== What you will do ==
Starting with the line with "Москва. 22 июня." in the entries below and going on through the line with "Fleetguard® AF26537 axial", output every line exactly and nothing more. No pictures.

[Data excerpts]
──────────────────────────────

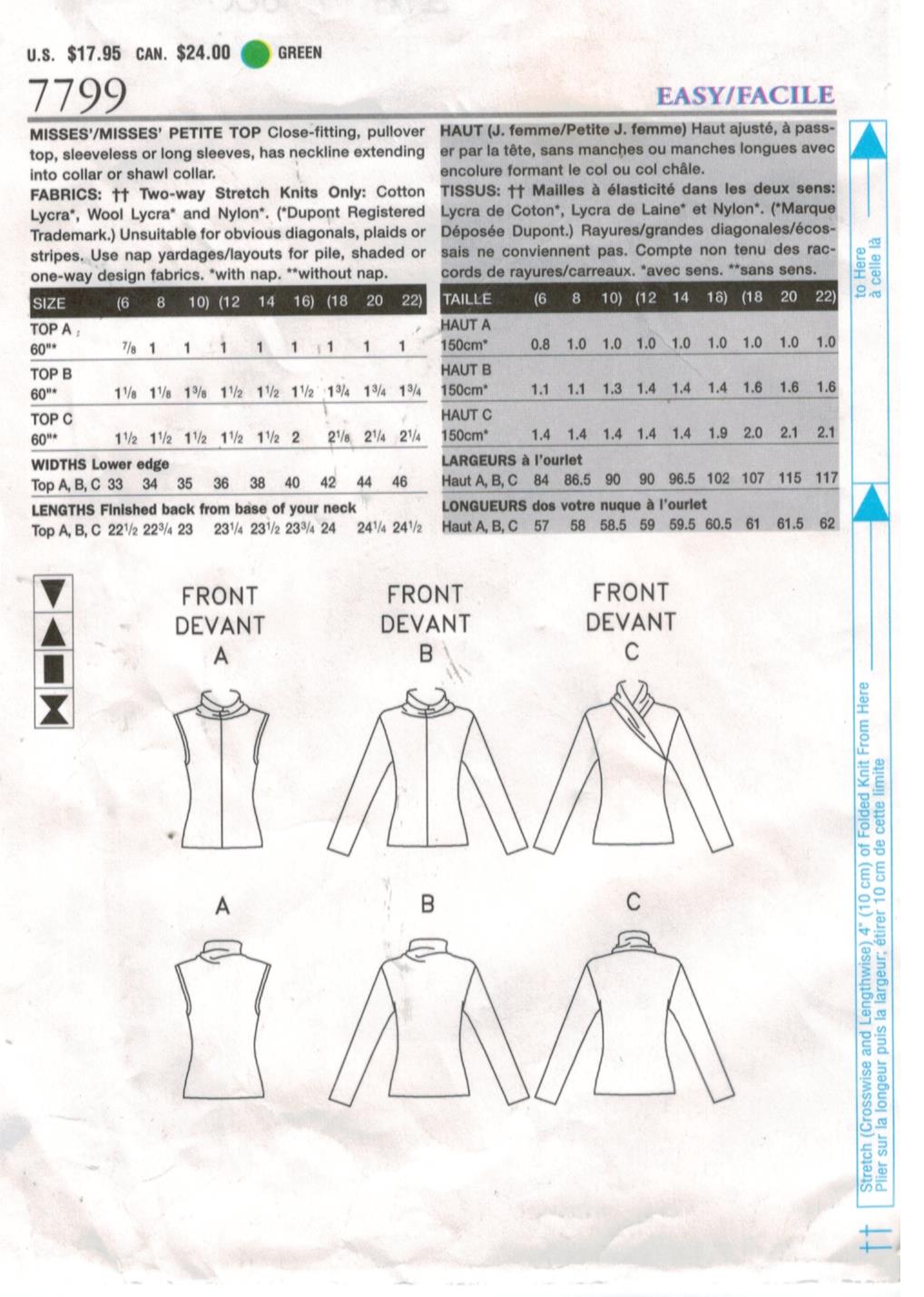 Vogue Pattern 7799 Easy To Sew Knit Blouse Tops Sizes 6 8 10 Sewing Pattern Heaven
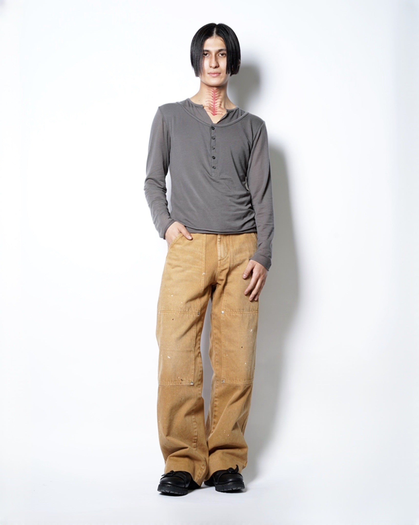 ・ポケットを兼ねたダブルニーがワーキッシュなアクセントに。
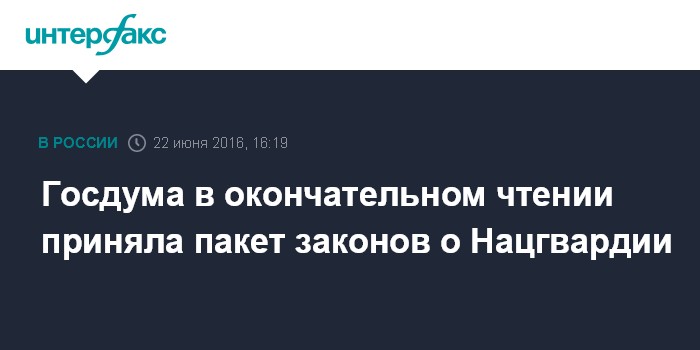 Москва. 22 июня. INTERFAX.RU - Госдума на заседании в среду приняла в третьем окончательном чтении пакет законов о создании в России Национальной гвардии, которая заменит Внутренние войска МВД.
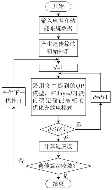 綜合目前國(guó)內(nèi)外開(kāi)展的分布式儲(chǔ)能系統(tǒng)的優(yōu)化規(guī)劃方面的研究,大多建立以技術(shù)性或經(jīng)濟(jì)性或技術(shù)與經(jīng)濟(jì)性綜合目標(biāo)的目標(biāo)函數(shù),在儲(chǔ)能本身和系統(tǒng)運(yùn)行的約束條件下開(kāi)展尋優(yōu)求解,目標(biāo)函數(shù)一般可綜合為單目標(biāo)優(yōu)化,約束條件包含等式約束和不等式約束,針對(duì)該優(yōu)化求解問(wèn)題也開(kāi)展了較多研究,多采用智能求解算法進(jìn)行求解,比如遺傳算法。
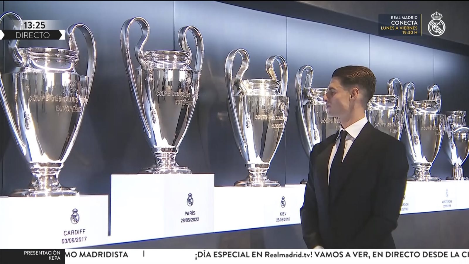 منح فلورنتينو بيريز رئيس نادي ريال مدريد، الحارس الجديد كيبا قميصه مع الملكي رقم 25، والتقط الصورة التذكارية معه أمام كؤوس المرينجي الـ 14 الأوروبية.
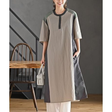 配色で切り替えたレトロムードなワンピース。
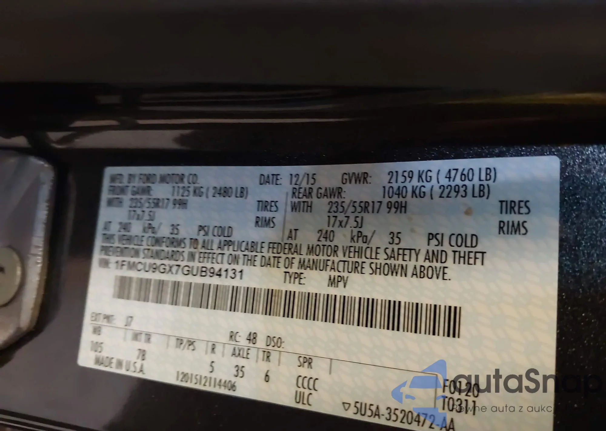 Samochód Ford Escape 2016 (VIN 1FMCU9GX7GUB94131) nie był wcześniej licytowany. Dokumenty są czyste, przebieg odpowiada lub jest niższy niż średnia rynku. Sprzedaje go firma ubezpieczeniowa – polecamy zakup. Dostawa do portu zajmie ok. 6–8 tygodni.
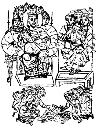 The image on the front cover is adapted from an illustration in a northern Italian compendium of canon law (c. 825). It depicts emperor Constantine and the Catholic bishops at the Council of Nicaea (325AD) overseeing the destruction of books that had been declared heretical.
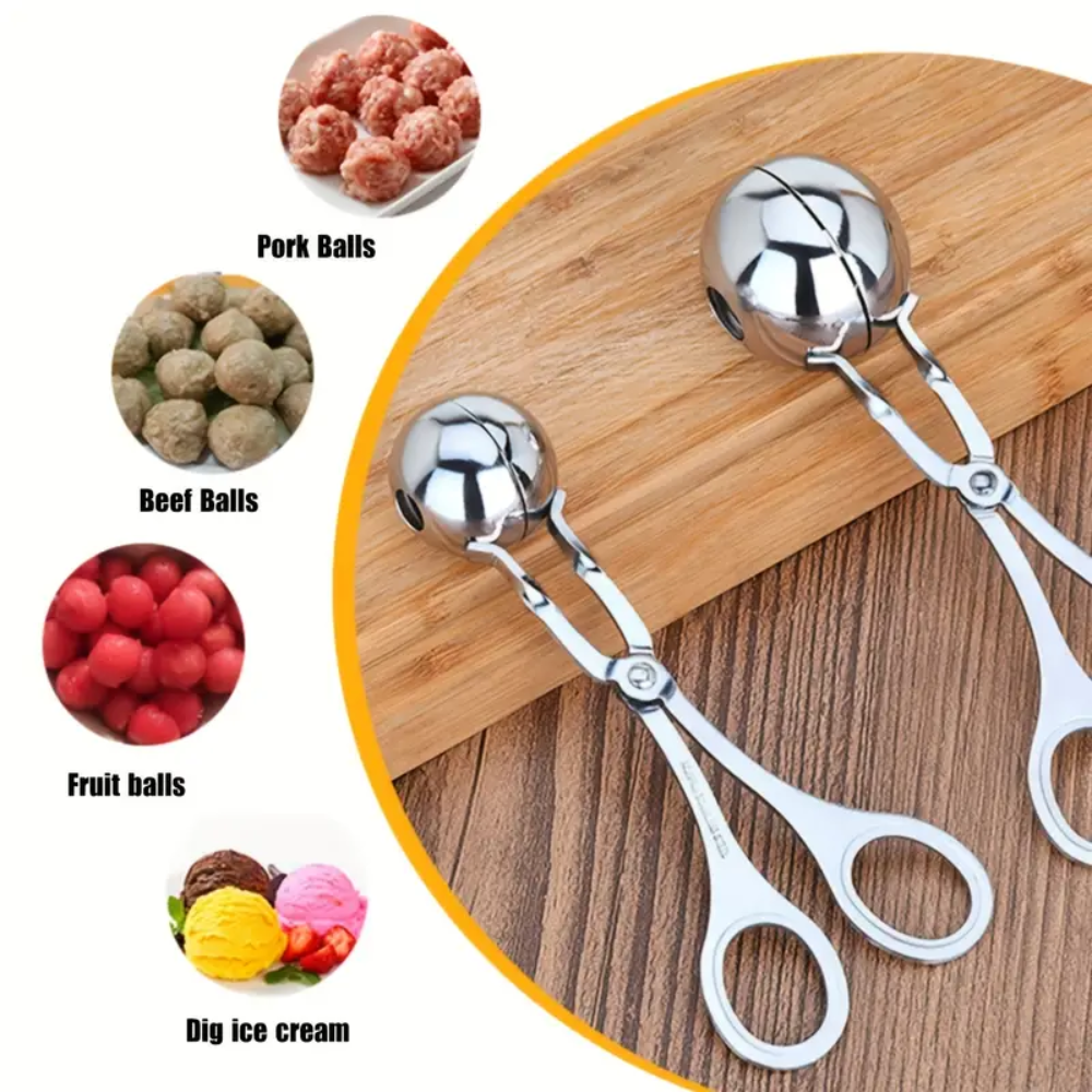 La pinza multifuncional está hecha de acero inoxidable apto para uso alimentario, su interior suave y su textura delicada pueden hacer albóndigas rápidas, de alta resistencia, resistentes a altas temperaturas, más saludables y duraderas.
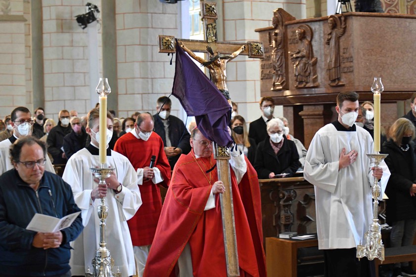 Er ermutigte die Gottesdienst-Besucher im Dom und vor den Bildschirmen dazu, die richtigen Schlüsse für ihr Leben und Glauben aus dem zu ziehen, was die Identität des Gekreuzigten und die eigene so wertvoll mache: "Wer sich Jesus, dem Herrn, zuwendet und seiner Spur folgt, braucht keine Angst mehr davor zu haben, dass er zu wenig Beachtung findet und kein Hahn mehr nach ihm kräht. Je mehr wir erkennen und bekennen, dass er es ist, desto klarer wird uns auch, wer wir sind: vom Herrn Geliebte und Erlöste. Und desto mehr werden wir dafür in Wort und Tat Zeugnis geben."
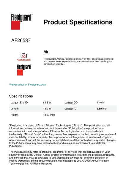 Fleetguard® AF26537 axial seal primary air filter ensures a proper seal and prevent leaks to prevent airborne contaminants from reaching the combustion chamber.
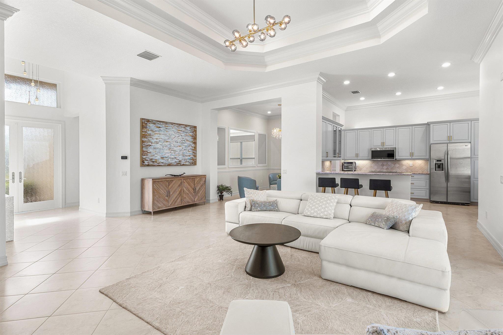 Stunning, light-filled Alexandra Grand model home featuring two expansive primary suites, an additional third bedroom, and three full baths--all complemented by a whole-house generator and a serene view. The home welcomes you with custom impact double front doors and transom window. The gourmet kitchen offers stainless steel appliances and light cabinetry. The interior has been freshly painted, and all three bedrooms now feature brand-new luxury vinyl flooring. Additional upgrades include crown molding, custom millwork, designer mirrors in the dining room, beautiful new fixtures, and outfitted primary closets, among more thoughtful enhancements. Located in the highly sought-after Valencia Reserve, a 55+ community, soon unveiling its exquisitely renovated clubhouse. Welcome Home!
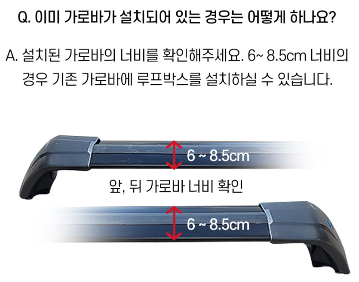 *타사 가로바의 경우 가로바 너비 6cm이상~8.5cm이하 두께는 3cm이하, 가로바 위치 조절 가

──────────────────────────────

== Response for this exercise ==
 Москва. 22 июня. INTERFAX.RU - Госдума на заседании в среду приняла в третьем окончательном чтении пакет законов о создании в России Национальной гвардии, которая заменит Внутренние войска МВД.
 綜合目前國(guó)內(nèi)外開(kāi)展的分布式儲(chǔ)能系統(tǒng)的優(yōu)化規(guī)劃方面的研究,大多建立以技術(shù)性或經(jīng)濟(jì)性或技術(shù)與經(jīng)濟(jì)性綜合目標(biāo)的目標(biāo)函數(shù),在儲(chǔ)能本身和系統(tǒng)運(yùn)行的約束條件下開(kāi)展尋優(yōu)求解,目標(biāo)函數(shù)一般可綜合為單目標(biāo)優(yōu)化,約束條件包含等式約束和不等式約束,針對(duì)該優(yōu)化求解問(wèn)題也開(kāi)展了較多研究,多采用智能求解算法進(jìn)行求解,比如遺傳算法。
 منح فلورنتينو بيريز رئيس نادي ريال مدريد، الحارس الجديد كيبا قميصه مع الملكي رقم 25، والتقط الصورة التذكارية معه أمام كؤوس المرينجي الـ 14 الأوروبية.
 配色で切り替えたレトロムードなワンピース。
 Samochód Ford Escape 2016 (VIN 1FMCU9GX7GUB94131) nie był wcześniej licytowany. Dokumenty są czyste, przebieg odpowiada lub jest niższy niż średnia rynku. Sprzedaje go firma ubezpieczeniowa – polecamy zakup. Dostawa do portu zajmie ok. 6–8 tygodni.
 The image on the front cover is adapted from an illustration in a northern Italian compendium of canon law (c. 825). It depicts emperor Constantine and the Catholic bishops at the Council of Nicaea (325AD) overseeing the destruction of books that had been declared heretical.
 La pinza multifuncional está hecha de acero inoxidable apto para uso alimentario, su interior suave y su textura delicada pueden hacer albóndigas rápidas, de alta resistencia, resistentes a altas temperaturas, más saludables y duraderas.
 Er ermutigte die Gottesdienst-Besucher im Dom und vor den Bildschirmen dazu, die richtigen Schlüsse für ihr Leben und Glauben aus dem zu ziehen, was die Identität des Gekreuzigten und die eigene so wertvoll mache: "Wer sich Jesus, dem Herrn, zuwendet und seiner Spur folgt, braucht keine Angst mehr davor zu haben, dass er zu wenig Beachtung findet und kein Hahn mehr nach ihm kräht. Je mehr wir erkennen und bekennen, dass er es ist, desto klarer wird uns auch, wer wir sind: vom Herrn Geliebte und Erlöste. Und desto mehr werden wir dafür in Wort und Tat Zeugnis geben."
 Fleetguard® AF26537 axial seal primary air filter ensures a proper seal and prevent leaks to prevent airborne contaminants from reaching the combustion chamber.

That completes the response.